The Illicit Antiquities Research Centre (IARC), part of the McDonald Institute at the University of Cambridge, has been awarded the European Archaeological Heritage Prize for 2004.

The award recognises the Institute's 'internationally unique' contribution to European and world heritage protection.

Instituted by the European Association of Archaeologists in 1999, the European Archaeological Heritage Prize is awarded annually for an 'outstanding contribution to the protection and presentation of the European archaeological heritage'.

The IARC was launched in 1997 in response to increasing international concerns about illicit excavations and trade in antiquities.

Although a small team, the IARC conducts a wide range of activities, including campaigns, such as the exhibition and publication 'Stealing History'. It has hosted meetings where archaeologists, police, government ministers and lawyers from all over the world meet.

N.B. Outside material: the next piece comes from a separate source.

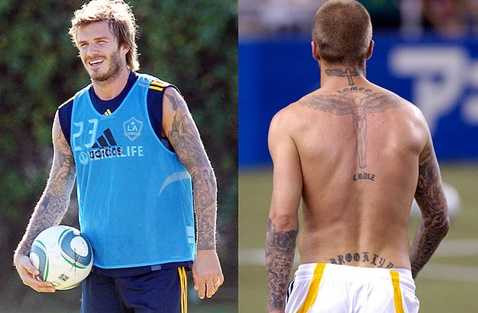 Đầu tiên là dòng chữ "Brooklyn" dưới lưng.Đó là là tên cậu con trai cả của Beckham, ra đời vào năm 1999 và cũng là hình xăm đầu tiên của Becks. Tên cậu con trai thứ hai Romeo được anh xăm trên đôi cánh của Thiên thần hộ mệnh, vốn là hình xăm được anh tin là thứ bảo vệ cho gia đình.

From one of these meetings in 1999 a Cambridge Resolution was passed to encourage effective national legislation, and a new International Standing Committee on Traffic in Illicit Antiquities was founded.

The IARC has achieved a major change of attitude among museums and politicians, highlighted by the UK's ratification after 30 years of the 1970 UNESCO Convention on the Means of Prohibiting and Preventing the Illicit Import, Export and Transfer of Ownership of Cultural Property.